After inspectors discovered six credit card skimmers at gas pumps in Montgomery, Butler and Hamilton counties in November, county auditors and other local and state officials met in Trotwood on Wednesday to discuss the issue.

“We just want to raise awareness and meet with different people that are involved and see what kind of things we can do to prevent this from getting completely out of hand,” said Montgomery County Auditor Karl Keith, who hosted the Gas Pump Skimmer Summit.

Keith said weights and measures inspectors have examined about half of the more than 200 gas pumps in Montgomery County as part of their annual inspection process, and only one skimmer was found. However, he said his office remains vigilant, especially when neighboring counties discover skimmers.

“The one that was found in Butler County just before Thanksgiving was near the Montgomery County line … close to Germantown, so … there were four stations in Montgomery County in Germantown that we went and checked. … But we didn’t find anything there,” he said.
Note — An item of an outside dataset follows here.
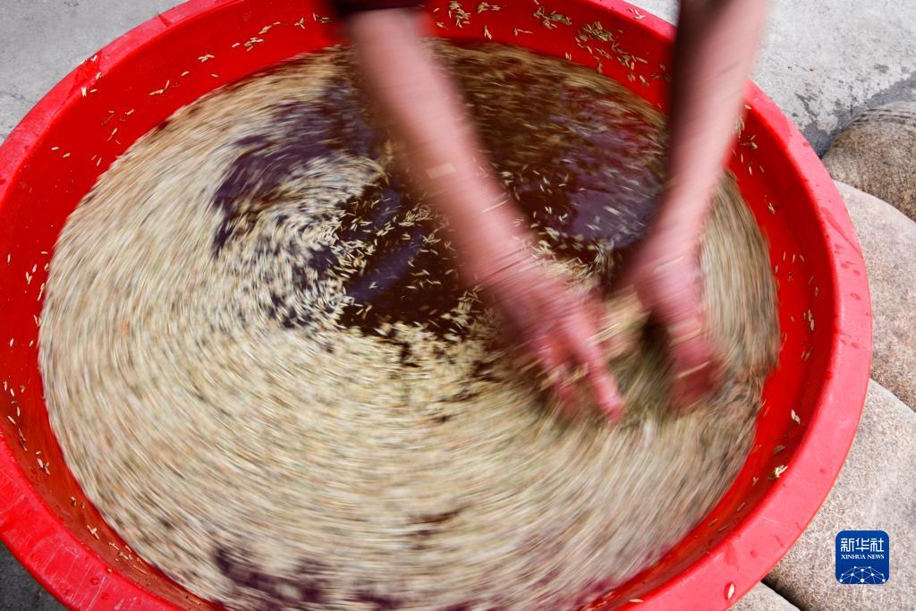 陈良东在浸泡稻种,为杂交水稻育苗做准备(4月6日摄)。

Ohio State Highway Patrol trooper Frank Applegate, who spoke at the summit, investigates card-skimming cases. He said they have become more prevalent over the last few years.

“They’ve wreaked havoc over multiple states,” Applegate said. “I’d hear about one (in Ohio) every couple months. Now I’m getting emails weekly.”

Applegate said OSHP’s card skimmer investigations usually result from traffic stops where troopers may notice “bundles of gift cards” or stories that don’t match.

“Most times we’re getting the back end of this crime.We’re finding indicators that they have obtained credit card numbers via some criminal act such as gas pump skimmers. They use those skimmers to obtain people’s credit card numbers and then they go obtain gift cards and change those into money orders and commit their crime that way,” he explained.

Joe Singleton of Trotwood will now only pay cash at the gas station after someone stole his credit card information.

“My credit card was ran up to almost $700 and my bank finally got a hold of what was going on,” he said. “From that point on, I made sure that I was very careful when I used it.”

Keith said there are a number of things card users can do to prevent their information from being stolen. The most important one: Don’t use a debit card.

“If they were to skim your information, that gives them both your account number and your pin number and gives them direct access to your bank account,” Keith said.

Some gas pumps also have seals on them, according to Keith. He suggested avoiding pumps that appear to have seals broken. Keith also said newer gas pumps are harder for thieves to break into and install a skimmer.

“Some of the stations with newer pumps have put site-specific locking mechanisms on those pumps that make them very difficult to … break into,” Keith said.

He explained that some older stations use universal keys, which are easily accessible. Keith said his department was able to purchase a universal key for $3 plus the cost of shipping on eBay.

“The (pumps) that are most vulnerable are ones that are hard to see, or farthest away from an attendant, you know, away from a camera. Places where the station isn’t open 24 hours,” he said.

Keith said his office depends on the public to help keep skimmers out of gas pumps by reporting anything that may appear suspicious.

“One thing to keep in mind is once we’ve checked that station and gone away, it becomes vulnerable again,” Keith said. “We are doing our part, but we really want consumers to do their part and station owners and attendants to do their part as well.”

The summit was co-hosted by Clark County Auditor John Federer, Greene County Auditor David Graham and Warren County Auditor Matt Nolan.